_Supplied entries:_
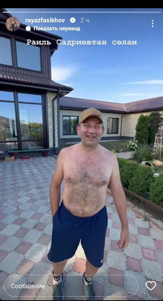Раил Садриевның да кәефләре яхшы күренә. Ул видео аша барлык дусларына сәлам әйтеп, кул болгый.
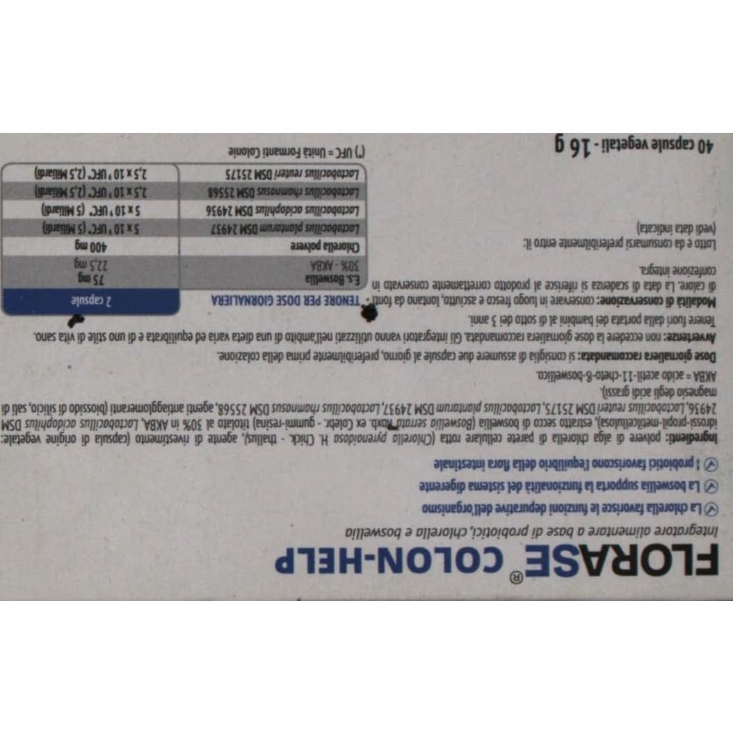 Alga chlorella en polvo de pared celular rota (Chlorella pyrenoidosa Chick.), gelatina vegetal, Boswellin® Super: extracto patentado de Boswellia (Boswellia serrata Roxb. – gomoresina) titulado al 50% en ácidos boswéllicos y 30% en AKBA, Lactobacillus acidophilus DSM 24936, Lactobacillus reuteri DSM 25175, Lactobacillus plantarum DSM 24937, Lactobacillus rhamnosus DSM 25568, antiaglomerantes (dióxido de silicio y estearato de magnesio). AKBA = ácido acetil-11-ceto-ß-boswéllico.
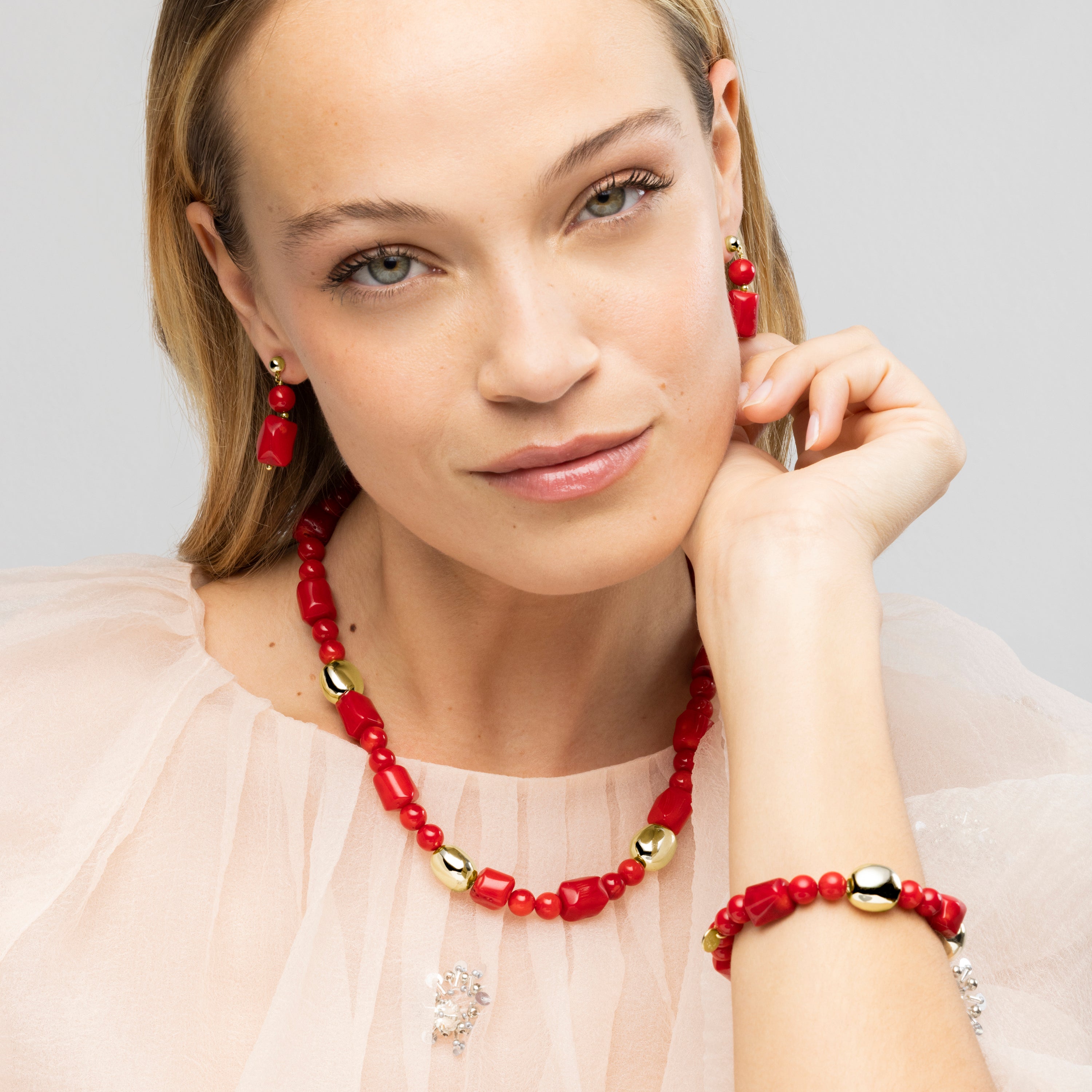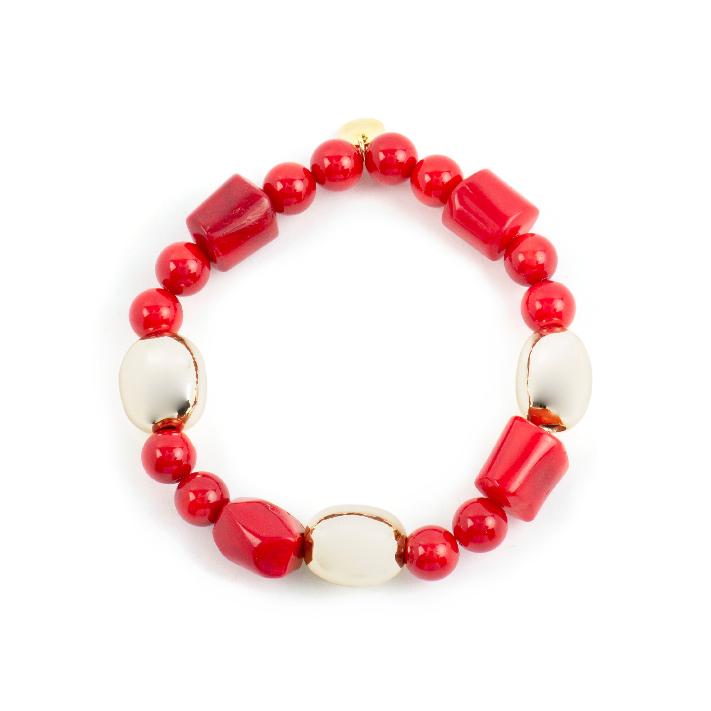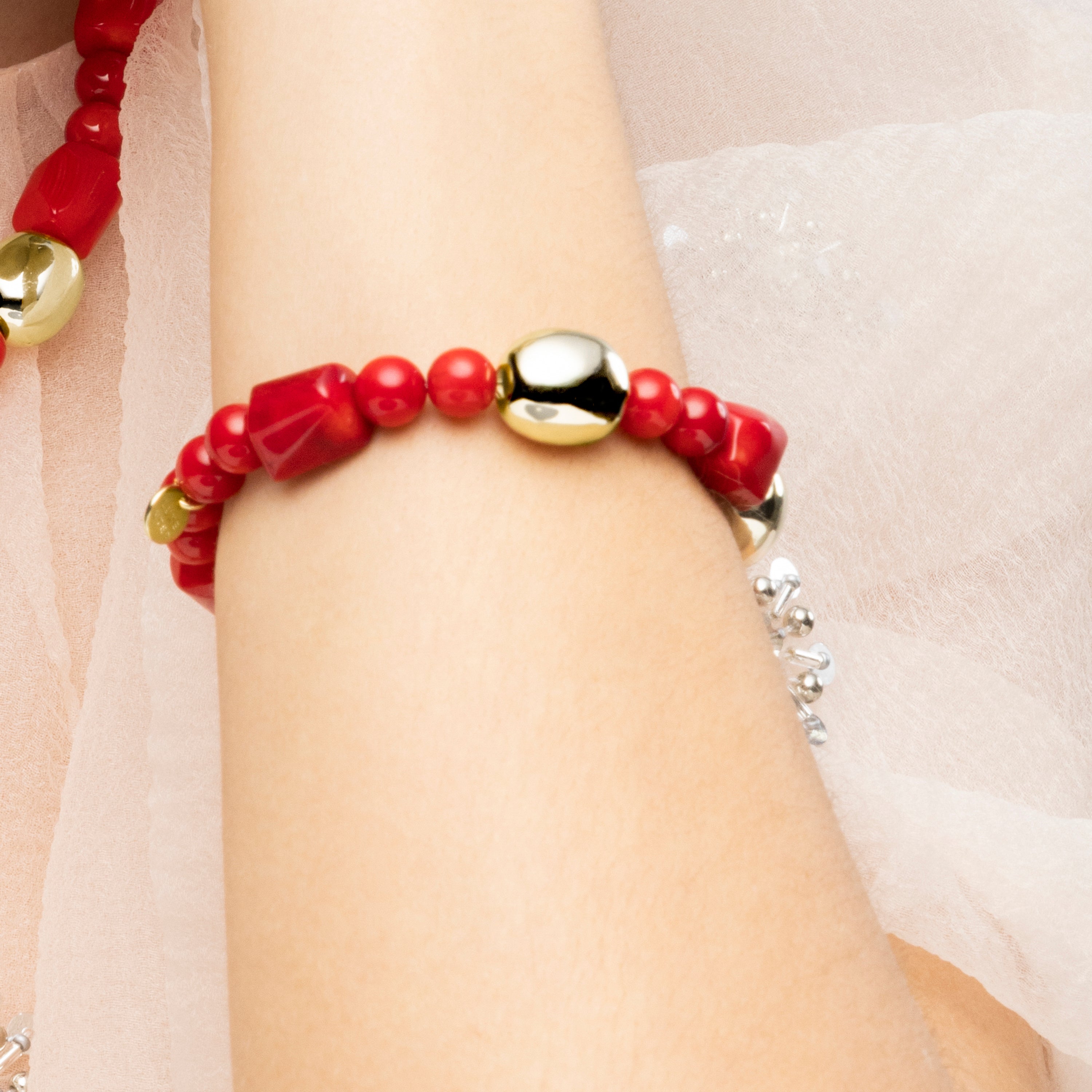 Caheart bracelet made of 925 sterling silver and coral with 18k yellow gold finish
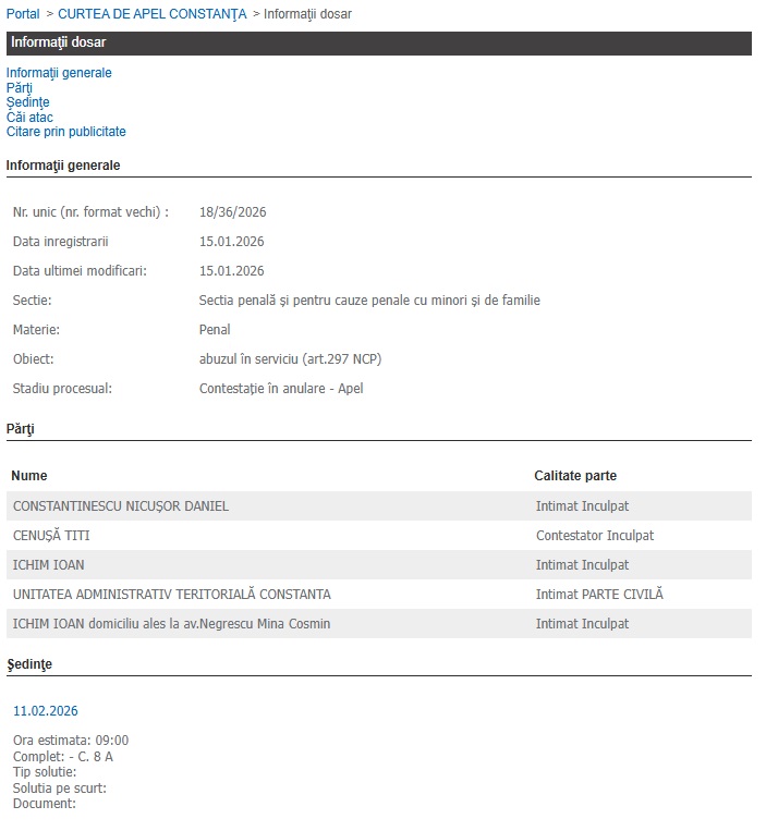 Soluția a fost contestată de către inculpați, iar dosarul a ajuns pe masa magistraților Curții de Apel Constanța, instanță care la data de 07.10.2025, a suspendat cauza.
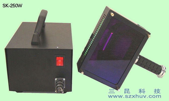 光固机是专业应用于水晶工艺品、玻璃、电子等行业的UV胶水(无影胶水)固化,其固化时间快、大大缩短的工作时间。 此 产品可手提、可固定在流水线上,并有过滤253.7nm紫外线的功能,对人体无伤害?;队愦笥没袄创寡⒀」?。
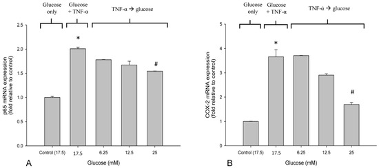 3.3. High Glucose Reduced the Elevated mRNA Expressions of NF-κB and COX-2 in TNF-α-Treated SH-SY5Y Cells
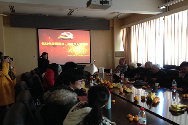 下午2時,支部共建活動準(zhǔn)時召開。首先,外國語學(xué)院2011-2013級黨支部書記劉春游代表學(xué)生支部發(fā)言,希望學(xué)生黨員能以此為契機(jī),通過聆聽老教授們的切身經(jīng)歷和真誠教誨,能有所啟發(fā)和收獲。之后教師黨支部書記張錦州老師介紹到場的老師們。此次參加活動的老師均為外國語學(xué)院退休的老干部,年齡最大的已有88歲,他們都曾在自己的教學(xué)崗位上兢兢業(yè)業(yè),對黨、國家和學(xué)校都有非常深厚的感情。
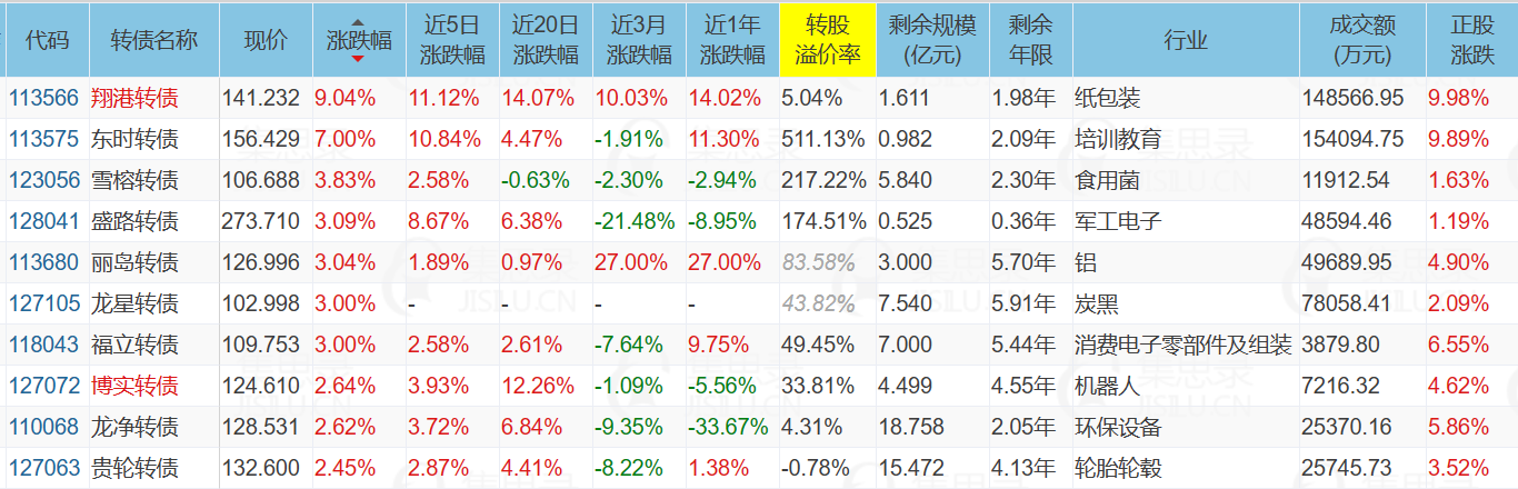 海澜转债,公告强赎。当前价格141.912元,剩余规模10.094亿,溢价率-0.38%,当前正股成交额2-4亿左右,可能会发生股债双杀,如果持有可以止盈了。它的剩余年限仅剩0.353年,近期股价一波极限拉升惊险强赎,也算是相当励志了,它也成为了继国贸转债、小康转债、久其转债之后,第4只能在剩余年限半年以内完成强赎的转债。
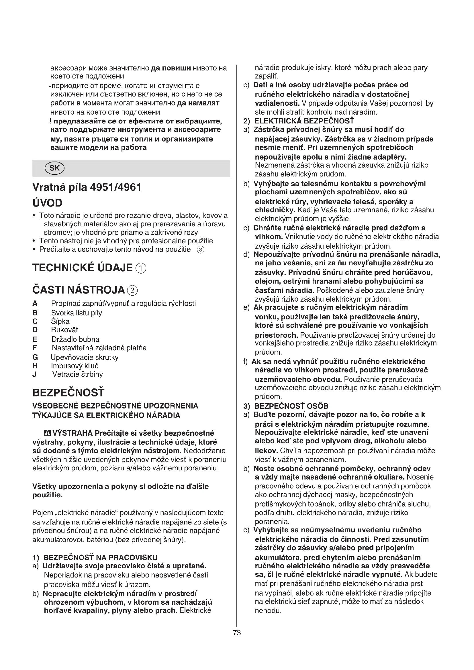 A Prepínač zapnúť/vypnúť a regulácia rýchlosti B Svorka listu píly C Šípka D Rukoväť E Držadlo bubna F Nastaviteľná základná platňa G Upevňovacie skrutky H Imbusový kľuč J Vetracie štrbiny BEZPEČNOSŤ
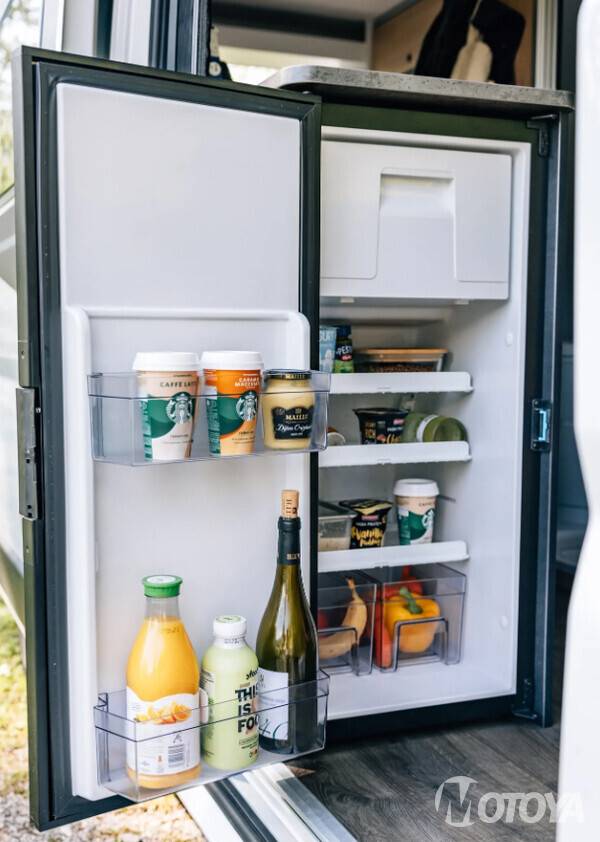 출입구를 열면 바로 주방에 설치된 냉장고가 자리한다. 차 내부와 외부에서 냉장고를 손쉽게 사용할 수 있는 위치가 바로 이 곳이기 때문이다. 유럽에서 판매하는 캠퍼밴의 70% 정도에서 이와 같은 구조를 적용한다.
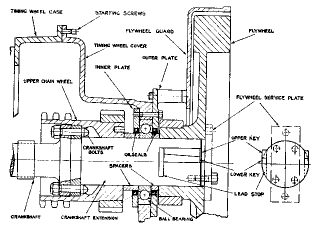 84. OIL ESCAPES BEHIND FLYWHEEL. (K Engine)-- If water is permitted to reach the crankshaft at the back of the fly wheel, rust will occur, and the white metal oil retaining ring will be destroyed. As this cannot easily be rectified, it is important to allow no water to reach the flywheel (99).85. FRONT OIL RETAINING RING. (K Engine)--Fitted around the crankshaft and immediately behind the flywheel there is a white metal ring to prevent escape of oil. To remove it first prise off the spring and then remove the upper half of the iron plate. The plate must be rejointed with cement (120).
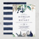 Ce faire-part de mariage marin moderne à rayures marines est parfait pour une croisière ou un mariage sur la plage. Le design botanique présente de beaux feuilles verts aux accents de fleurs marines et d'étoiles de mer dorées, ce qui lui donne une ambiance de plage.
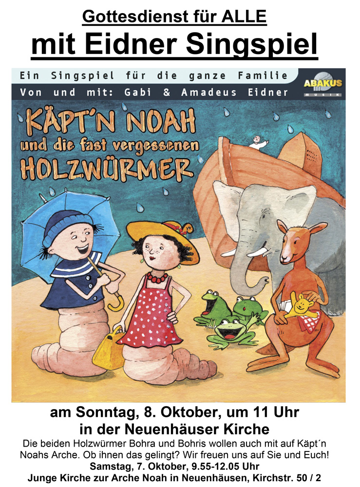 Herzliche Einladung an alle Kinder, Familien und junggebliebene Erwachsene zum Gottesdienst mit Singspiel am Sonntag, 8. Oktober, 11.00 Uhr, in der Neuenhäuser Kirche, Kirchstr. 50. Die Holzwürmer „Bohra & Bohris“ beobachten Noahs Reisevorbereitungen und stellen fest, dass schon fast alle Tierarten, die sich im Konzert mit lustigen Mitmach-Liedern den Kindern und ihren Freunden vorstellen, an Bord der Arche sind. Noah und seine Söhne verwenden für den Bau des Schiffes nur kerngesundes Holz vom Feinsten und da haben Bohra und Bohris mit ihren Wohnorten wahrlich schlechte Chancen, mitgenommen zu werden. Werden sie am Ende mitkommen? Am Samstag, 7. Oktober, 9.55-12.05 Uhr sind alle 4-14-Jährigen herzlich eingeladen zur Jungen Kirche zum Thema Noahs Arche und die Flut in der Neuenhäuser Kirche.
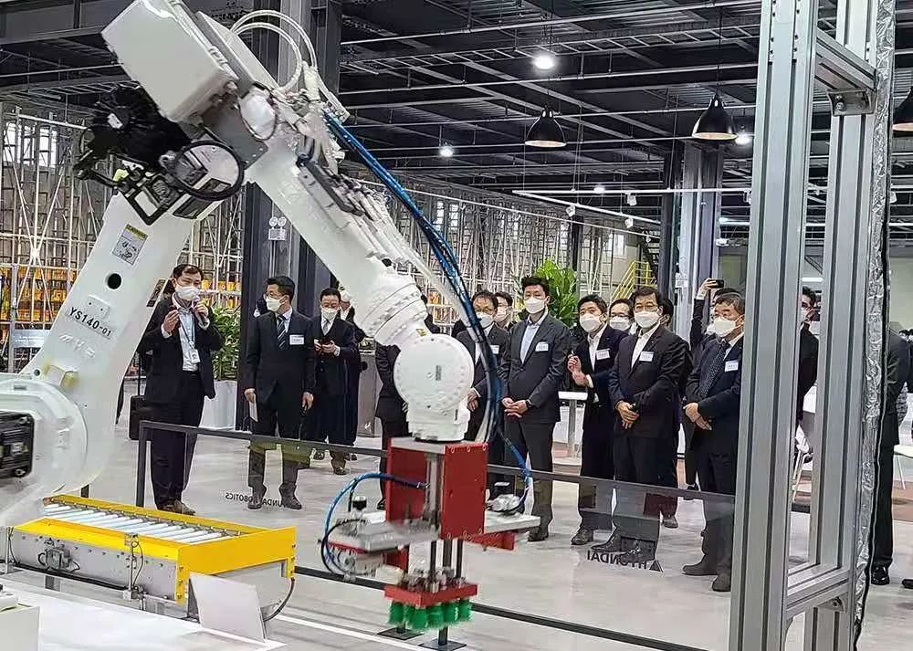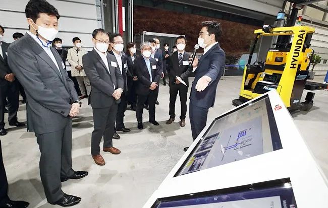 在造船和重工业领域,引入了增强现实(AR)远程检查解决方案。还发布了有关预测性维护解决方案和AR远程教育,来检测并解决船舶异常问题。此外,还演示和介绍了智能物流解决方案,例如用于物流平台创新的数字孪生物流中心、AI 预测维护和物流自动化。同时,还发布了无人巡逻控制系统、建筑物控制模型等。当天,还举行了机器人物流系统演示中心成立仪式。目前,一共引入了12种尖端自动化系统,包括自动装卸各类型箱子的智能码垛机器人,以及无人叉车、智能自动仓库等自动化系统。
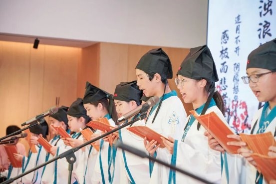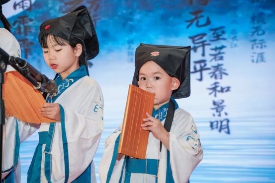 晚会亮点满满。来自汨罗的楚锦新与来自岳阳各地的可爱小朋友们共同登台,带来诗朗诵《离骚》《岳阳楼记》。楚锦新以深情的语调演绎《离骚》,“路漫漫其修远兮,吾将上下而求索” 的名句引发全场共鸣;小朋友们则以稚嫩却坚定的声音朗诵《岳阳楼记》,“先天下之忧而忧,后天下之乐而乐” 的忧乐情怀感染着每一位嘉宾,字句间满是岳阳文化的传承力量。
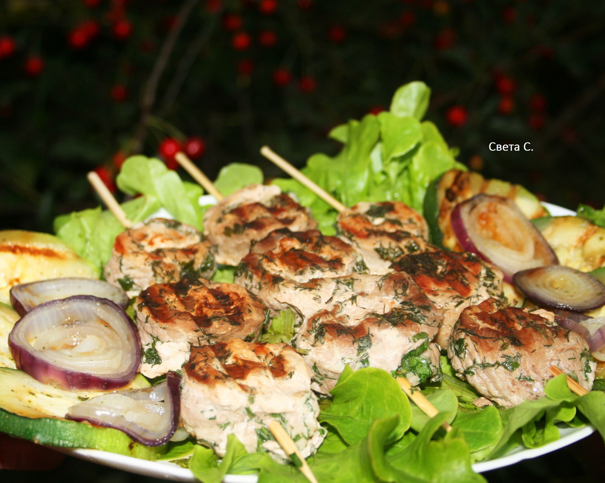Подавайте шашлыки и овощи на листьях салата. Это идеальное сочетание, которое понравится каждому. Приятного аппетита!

_Exercise goal:_
Each line from the first line of the entries through the line containing "海澜转债,公告强赎。当前价格" should be duplicated word for word, and nothing more; the pictures stay out.

_Solution to this problem:_
Раил Садриевның да кәефләре яхшы күренә. Ул видео аша барлык дусларына сәлам әйтеп, кул болгый.
 Alga chlorella en polvo de pared celular rota (Chlorella pyrenoidosa Chick.), gelatina vegetal, Boswellin® Super: extracto patentado de Boswellia (Boswellia serrata Roxb. – gomoresina) titulado al 50% en ácidos boswéllicos y 30% en AKBA, Lactobacillus acidophilus DSM 24936, Lactobacillus reuteri DSM 25175, Lactobacillus plantarum DSM 24937, Lactobacillus rhamnosus DSM 25568, antiaglomerantes (dióxido de silicio y estearato de magnesio). AKBA = ácido acetil-11-ceto-ß-boswéllico.
 Caheart bracelet made of 925 sterling silver and coral with 18k yellow gold finish
 Soluția a fost contestată de către inculpați, iar dosarul a ajuns pe masa magistraților Curții de Apel Constanța, instanță care la data de 07.10.2025, a suspendat cauza.
 光固机是专业应用于水晶工艺品、玻璃、电子等行业的UV胶水(无影胶水)固化,其固化时间快、大大缩短的工作时间。 此 产品可手提、可固定在流水线上,并有过滤253.7nm紫外线的功能,对人体无伤害?;队愦笥没袄创寡⒀」?。
 3.3. High Glucose Reduced the Elevated mRNA Expressions of NF-κB and COX-2 in TNF-α-Treated SH-SY5Y Cells
 下午2時,支部共建活動準(zhǔn)時召開。首先,外國語學(xué)院2011-2013級黨支部書記劉春游代表學(xué)生支部發(fā)言,希望學(xué)生黨員能以此為契機(jī),通過聆聽老教授們的切身經(jīng)歷和真誠教誨,能有所啟發(fā)和收獲。之后教師黨支部書記張錦州老師介紹到場的老師們。此次參加活動的老師均為外國語學(xué)院退休的老干部,年齡最大的已有88歲,他們都曾在自己的教學(xué)崗位上兢兢業(yè)業(yè),對黨、國家和學(xué)校都有非常深厚的感情。
 海澜转债,公告强赎。当前价格141.912元,剩余规模10.094亿,溢价率-0.38%,当前正股成交额2-4亿左右,可能会发生股债双杀,如果持有可以止盈了。它的剩余年限仅剩0.353年,近期股价一波极限拉升惊险强赎,也算是相当励志了,它也成为了继国贸转债、小康转债、久其转债之后,第4只能在剩余年限半年以内完成强赎的转债。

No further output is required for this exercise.